Pandas has built-in functions to help perform laods of tasks. We can use 'pd.to_datetime()' to parse dates into different formats. We give the function two things
- our date column, `df['Date']`
- current format of the date values, `format='%Y.%m'`. This (along with Vega) uses the standard D3 date abbreviations.
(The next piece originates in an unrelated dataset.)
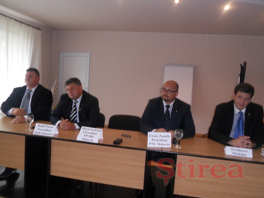 Acum că tot „s-a stricat căruţa-n drum”, Mădălin Teculescu, Radu Paros, Gigi Manea, onorabili consilieri locali ai municipiului Slobozia, dar şi viceprimarul aceluiaşi municipiu, stimabilul Cezar Zamfir au invitat reprezentanţii presei locale, ca să anunţe că ei şi-ai lor vor să se unească, cică, pentru a se lupta cu PSD. Nu ştim a cui a fost ideea. Ştim însă sigur că, cei patru, proaspăt deveniţi „fraţi de cruce”, au şi stabilit cine va fi prima victimă, la momentul în care vor pecetlui coaliţia, alianţa sau cum se va mai numi şi-această structură asociativă „pe interes”. Şi mai ştim că la această întâlnire, pe post de „momeală” au fost invitaţi şi doi lideri marcanţi ai PNL, Constantin Sava – primarul municipiului Urziceni şi Mihai Emilian – liberalul cu state vechi care a fost „exmatriculat” din organizaţia municipală, al cărei preşedinte a şi fost. Încă vizibil afectat de lovitura sub centură, Mihai Emilian a folosit prilejul pentru a se răzbuna pe Cezar Zamfir. Ce-a fost la gura lor vom detalia într-un articol. Această ştire vă aduce la cunoştinţă doar că, descătuşate din strânsoarea USL, dar şi fiindcă aici, în Ialomiţa, de 24 de ani tot PSD e la putere, partidele aşa-zis de dreapta, cică au de gând să preia frâiele conducerii, mai întâi a municipiului-reşedinţă de judeţ, şi-apoi a întregului judeţ.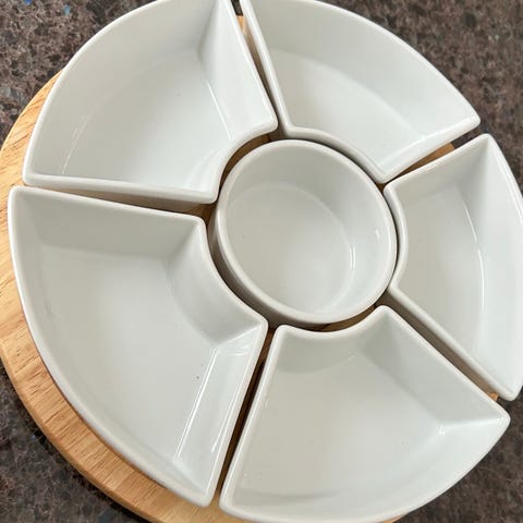 30cm i diameter. Hvidt serveringsfad med 5 små skåle på træplade som kan dreje.

See more [here](https://d3js.org/d3-time-format#locale_format).'%Y' corresponds to 4 digit years, and '%m' to 2 digit months (01 for January, etc)

In [10]:
# Convert to datetime and format as YYYY-MM-DD
pd.to_datetime(df['Date'], format='%Y.%m')

0      1871-01-01
1      1871-02-01
2      1871-03-01
3      1871-04-01
4      1871-05-01
          ...    
1853   2025-06-01
1854   2025-07-01
1855   2025-08-01
1856   2025-09-01
1857   2025-01-01
Name: Date, Length: 1858, dtype: datetime64[ns]

Let's save this as a new column

In [11]:
# Parse Date (YYYY.MM -> YYYY-MM-DD)
df['Date_iso'] = pd.to_datetime(df['Date'], format='%Y.%m')

<br>

Check our finished dataframe

In [12]:
df.head(13)

Unnamed: 0,Date,Date_Fraction,P,D,E,CPI,Rate GS10,Price_real,Dividend_real,Earnings_real,PE_ratio,Date_iso
0,1871.01,1871.041667,4.44,0.26,0.4,12.464061,5.32,115.656018,6.77265,10.419461,11.1,1871-01-01
1,1871.02,1871.125,4.5,0.26,0.4,12.844641,5.323333,113.7458,6.57198,10.110738,11.25,1871-02-01
2,1871.03,1871.208333,4.61,0.26,0.4,13.034972,5.326667,114.824791,6.476019,9.963105,11.525,1871-03-01
3,1871.04,1871.291667,4.74,0.26,0.4,12.559226,5.33,122.535037,6.721331,10.340509,11.85,1871-04-01
4,1871.05,1871.375,4.86,0.26,0.4,12.273812,5.333333,128.558754,6.877629,10.580967,12.15,1871-05-01
5,1871.06,1871.458333,4.82,0.26,0.4,12.083481,5.336667,129.508959,6.98596,10.747631,12.05,1871-06-01
6,1871.07,1871.541667,4.73,0.26,0.4,12.083481,5.34,127.090742,6.98596,10.747631,11.825,1871-07-01
7,1871.08,1871.625,4.79,0.26,0.4,11.893231,5.343333,130.761677,7.097711,10.919555,11.975,1871-08-01
8,1871.09,1871.708333,4.84,0.26,0.4,12.178646,5.346667,129.030144,6.931371,10.663648,12.1,1871-09-01
9,1871.1,1871.791667,4.59,0.26,0.4,12.368896,5.35,120.483226,6.824758,10.499628,11.475,1871-01-01


<br>
<br>

Finally, we can save the data as a CSV.

In [13]:
df.to_csv('data_shiller_cleaned')

The CSV should appear in the files tab of your Colab workspace.

NOTE: When working in Colab, the CSV is only saved to instance running your code. So make sure to download your data else it will be lost once your code instance is shut.